** MATERIAL PROVIDED follows **

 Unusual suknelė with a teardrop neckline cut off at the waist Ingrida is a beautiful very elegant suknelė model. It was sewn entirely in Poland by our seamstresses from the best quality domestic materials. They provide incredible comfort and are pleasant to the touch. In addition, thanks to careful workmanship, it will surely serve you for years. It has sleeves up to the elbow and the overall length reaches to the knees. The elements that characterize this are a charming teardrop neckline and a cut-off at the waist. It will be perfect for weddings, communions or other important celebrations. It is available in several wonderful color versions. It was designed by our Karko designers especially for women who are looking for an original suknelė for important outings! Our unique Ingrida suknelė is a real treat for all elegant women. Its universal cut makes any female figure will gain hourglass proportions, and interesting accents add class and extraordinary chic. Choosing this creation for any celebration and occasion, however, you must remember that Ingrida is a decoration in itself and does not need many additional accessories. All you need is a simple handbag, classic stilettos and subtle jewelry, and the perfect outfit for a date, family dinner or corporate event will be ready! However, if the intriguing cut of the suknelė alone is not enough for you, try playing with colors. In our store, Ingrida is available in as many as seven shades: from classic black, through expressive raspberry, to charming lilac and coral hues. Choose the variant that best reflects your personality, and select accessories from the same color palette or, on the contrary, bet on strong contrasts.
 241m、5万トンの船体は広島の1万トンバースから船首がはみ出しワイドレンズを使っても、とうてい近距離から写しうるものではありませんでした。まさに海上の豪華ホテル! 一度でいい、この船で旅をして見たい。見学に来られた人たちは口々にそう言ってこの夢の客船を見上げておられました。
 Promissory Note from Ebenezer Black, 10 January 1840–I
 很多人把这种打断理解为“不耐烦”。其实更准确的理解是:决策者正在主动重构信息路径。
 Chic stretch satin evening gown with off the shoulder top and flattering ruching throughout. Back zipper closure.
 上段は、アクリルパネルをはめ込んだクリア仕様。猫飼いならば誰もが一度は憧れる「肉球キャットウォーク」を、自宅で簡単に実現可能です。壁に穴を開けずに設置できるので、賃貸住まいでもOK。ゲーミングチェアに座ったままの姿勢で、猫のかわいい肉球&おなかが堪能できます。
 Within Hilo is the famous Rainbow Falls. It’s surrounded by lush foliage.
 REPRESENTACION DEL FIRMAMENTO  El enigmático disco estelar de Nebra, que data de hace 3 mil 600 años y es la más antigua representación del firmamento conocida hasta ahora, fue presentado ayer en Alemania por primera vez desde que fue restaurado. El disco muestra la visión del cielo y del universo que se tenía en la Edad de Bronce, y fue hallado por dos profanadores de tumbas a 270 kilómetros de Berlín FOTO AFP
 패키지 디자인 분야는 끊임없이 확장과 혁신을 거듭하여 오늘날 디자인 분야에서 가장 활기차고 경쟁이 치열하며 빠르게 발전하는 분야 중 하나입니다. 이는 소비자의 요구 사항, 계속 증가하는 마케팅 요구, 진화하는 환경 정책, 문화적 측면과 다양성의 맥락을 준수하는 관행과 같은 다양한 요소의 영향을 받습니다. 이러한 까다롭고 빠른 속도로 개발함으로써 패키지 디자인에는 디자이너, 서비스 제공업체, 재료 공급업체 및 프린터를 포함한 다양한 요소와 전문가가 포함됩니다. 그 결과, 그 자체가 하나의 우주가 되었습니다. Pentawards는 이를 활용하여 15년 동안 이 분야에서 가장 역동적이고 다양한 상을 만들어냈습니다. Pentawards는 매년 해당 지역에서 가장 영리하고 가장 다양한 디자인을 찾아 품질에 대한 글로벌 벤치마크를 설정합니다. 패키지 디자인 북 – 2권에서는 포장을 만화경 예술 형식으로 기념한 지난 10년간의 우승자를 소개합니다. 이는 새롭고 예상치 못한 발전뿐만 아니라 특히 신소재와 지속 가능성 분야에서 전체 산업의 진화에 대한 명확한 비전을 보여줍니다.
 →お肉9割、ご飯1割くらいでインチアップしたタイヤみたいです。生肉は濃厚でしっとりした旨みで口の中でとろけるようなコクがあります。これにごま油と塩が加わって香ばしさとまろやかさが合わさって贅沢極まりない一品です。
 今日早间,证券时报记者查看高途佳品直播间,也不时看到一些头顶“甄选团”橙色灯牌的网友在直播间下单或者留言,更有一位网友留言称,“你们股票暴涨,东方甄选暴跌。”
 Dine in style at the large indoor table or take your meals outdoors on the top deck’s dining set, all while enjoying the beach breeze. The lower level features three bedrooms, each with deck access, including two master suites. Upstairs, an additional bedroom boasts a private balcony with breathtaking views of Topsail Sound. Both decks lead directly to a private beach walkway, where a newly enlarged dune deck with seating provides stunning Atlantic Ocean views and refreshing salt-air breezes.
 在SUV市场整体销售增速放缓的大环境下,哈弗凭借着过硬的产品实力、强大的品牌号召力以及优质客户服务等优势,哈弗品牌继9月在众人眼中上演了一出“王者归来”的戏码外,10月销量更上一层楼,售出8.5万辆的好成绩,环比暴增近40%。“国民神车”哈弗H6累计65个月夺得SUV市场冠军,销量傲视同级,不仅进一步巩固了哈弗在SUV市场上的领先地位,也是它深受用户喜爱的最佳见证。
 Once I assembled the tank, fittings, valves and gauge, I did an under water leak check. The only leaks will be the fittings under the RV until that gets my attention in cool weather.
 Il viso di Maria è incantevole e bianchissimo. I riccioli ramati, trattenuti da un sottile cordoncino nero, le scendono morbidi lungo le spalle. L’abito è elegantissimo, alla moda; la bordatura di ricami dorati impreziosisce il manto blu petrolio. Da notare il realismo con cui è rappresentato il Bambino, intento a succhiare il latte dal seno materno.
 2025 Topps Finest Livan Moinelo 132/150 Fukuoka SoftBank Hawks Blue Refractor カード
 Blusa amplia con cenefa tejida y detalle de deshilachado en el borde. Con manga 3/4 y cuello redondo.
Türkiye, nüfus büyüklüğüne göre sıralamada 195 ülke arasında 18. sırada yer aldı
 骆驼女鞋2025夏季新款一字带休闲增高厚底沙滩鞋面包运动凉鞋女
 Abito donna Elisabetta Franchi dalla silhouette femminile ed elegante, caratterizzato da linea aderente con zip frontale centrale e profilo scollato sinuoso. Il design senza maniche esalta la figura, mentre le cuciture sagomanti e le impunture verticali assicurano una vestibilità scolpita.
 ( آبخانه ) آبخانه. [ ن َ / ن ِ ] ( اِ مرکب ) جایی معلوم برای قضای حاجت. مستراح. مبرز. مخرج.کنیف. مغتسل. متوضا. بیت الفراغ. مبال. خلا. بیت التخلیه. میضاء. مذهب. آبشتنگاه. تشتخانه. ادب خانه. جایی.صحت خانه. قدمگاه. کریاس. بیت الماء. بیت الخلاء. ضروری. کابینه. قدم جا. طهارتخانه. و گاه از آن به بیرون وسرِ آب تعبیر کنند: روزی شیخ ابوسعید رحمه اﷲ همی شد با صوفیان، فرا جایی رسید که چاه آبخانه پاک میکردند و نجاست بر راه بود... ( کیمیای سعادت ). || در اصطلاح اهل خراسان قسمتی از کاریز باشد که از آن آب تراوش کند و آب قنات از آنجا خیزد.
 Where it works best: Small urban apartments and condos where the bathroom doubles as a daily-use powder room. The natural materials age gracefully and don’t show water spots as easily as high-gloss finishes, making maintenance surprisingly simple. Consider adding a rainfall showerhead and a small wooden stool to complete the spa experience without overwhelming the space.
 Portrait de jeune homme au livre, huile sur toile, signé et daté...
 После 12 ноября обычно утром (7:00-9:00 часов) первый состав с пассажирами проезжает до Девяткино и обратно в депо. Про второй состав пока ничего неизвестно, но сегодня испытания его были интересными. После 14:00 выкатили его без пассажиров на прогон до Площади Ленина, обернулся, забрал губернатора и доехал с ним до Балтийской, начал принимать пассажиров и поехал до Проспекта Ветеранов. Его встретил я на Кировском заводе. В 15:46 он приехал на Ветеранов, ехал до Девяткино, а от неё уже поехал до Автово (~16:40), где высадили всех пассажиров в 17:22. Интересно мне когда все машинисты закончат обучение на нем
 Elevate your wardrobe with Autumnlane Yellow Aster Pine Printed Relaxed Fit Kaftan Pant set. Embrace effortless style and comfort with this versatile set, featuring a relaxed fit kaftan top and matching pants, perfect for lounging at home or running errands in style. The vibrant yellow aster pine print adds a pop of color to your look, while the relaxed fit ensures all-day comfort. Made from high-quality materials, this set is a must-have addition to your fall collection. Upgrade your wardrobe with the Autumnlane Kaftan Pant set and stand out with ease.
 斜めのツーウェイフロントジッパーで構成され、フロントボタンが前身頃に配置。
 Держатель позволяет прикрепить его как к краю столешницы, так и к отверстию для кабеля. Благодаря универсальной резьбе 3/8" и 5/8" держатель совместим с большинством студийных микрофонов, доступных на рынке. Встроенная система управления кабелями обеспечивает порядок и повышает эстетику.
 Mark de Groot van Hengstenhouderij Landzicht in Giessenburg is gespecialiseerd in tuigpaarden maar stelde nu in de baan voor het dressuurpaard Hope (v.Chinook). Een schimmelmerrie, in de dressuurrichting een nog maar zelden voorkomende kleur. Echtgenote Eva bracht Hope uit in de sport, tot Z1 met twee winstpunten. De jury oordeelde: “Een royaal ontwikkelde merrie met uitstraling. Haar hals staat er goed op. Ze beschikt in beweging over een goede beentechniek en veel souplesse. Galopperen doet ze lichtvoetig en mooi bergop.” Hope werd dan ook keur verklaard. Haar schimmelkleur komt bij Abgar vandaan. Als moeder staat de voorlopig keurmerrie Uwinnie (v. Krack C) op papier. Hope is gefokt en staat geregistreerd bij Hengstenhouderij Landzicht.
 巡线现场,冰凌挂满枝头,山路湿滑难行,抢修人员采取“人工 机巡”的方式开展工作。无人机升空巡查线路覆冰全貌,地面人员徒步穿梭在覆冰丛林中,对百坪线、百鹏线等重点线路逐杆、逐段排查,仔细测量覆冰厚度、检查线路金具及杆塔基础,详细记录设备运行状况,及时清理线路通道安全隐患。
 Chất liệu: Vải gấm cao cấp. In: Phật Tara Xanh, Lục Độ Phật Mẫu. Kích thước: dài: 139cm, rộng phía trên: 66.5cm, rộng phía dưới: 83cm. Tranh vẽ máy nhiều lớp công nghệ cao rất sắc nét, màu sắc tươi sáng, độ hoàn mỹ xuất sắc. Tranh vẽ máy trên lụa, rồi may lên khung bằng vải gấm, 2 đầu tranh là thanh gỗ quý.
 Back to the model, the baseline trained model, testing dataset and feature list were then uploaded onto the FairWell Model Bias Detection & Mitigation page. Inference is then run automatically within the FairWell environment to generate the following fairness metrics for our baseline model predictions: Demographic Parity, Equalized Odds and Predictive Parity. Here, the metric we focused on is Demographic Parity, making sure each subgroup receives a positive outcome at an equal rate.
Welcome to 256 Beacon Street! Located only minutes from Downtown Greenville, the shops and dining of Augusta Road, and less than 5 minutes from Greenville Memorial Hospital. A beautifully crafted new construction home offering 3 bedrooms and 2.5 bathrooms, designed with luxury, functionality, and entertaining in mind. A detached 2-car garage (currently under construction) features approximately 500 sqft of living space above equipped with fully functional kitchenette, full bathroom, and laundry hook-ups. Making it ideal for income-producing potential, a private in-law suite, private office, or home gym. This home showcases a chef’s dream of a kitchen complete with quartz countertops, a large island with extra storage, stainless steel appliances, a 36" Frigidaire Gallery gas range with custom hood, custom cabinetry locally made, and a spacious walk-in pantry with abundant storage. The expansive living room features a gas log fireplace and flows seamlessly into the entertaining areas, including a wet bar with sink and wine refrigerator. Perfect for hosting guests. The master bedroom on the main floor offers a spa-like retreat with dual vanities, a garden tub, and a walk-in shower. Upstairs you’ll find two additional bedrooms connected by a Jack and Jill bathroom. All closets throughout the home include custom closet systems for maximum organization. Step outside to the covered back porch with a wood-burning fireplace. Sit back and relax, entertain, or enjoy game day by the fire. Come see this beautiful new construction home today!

** End of MATERIAL PROVIDED **

→ WHAT IS EXPECTED:
Please transcribe only the lines in the records above running from the line that has "Where it works" through the line that has "Держатель позволяет прикрепить", both included, exactly as they appear.

→ OUTPUT BELOW:
 Where it works best: Small urban apartments and condos where the bathroom doubles as a daily-use powder room. The natural materials age gracefully and don’t show water spots as easily as high-gloss finishes, making maintenance surprisingly simple. Consider adding a rainfall showerhead and a small wooden stool to complete the spa experience without overwhelming the space.
 Portrait de jeune homme au livre, huile sur toile, signé et daté...
 После 12 ноября обычно утром (7:00-9:00 часов) первый состав с пассажирами проезжает до Девяткино и обратно в депо. Про второй состав пока ничего неизвестно, но сегодня испытания его были интересными. После 14:00 выкатили его без пассажиров на прогон до Площади Ленина, обернулся, забрал губернатора и доехал с ним до Балтийской, начал принимать пассажиров и поехал до Проспекта Ветеранов. Его встретил я на Кировском заводе. В 15:46 он приехал на Ветеранов, ехал до Девяткино, а от неё уже поехал до Автово (~16:40), где высадили всех пассажиров в 17:22. Интересно мне когда все машинисты закончат обучение на нем
 Elevate your wardrobe with Autumnlane Yellow Aster Pine Printed Relaxed Fit Kaftan Pant set. Embrace effortless style and comfort with this versatile set, featuring a relaxed fit kaftan top and matching pants, perfect for lounging at home or running errands in style. The vibrant yellow aster pine print adds a pop of color to your look, while the relaxed fit ensures all-day comfort. Made from high-quality materials, this set is a must-have addition to your fall collection. Upgrade your wardrobe with the Autumnlane Kaftan Pant set and stand out with ease.
 斜めのツーウェイフロントジッパーで構成され、フロントボタンが前身頃に配置。
 Держатель позволяет прикрепить его как к краю столешницы, так и к отверстию для кабеля. Благодаря универсальной резьбе 3/8" и 5/8" держатель совместим с большинством студийных микрофонов, доступных на рынке. Встроенная система управления кабелями обеспечивает порядок и повышает эстетику.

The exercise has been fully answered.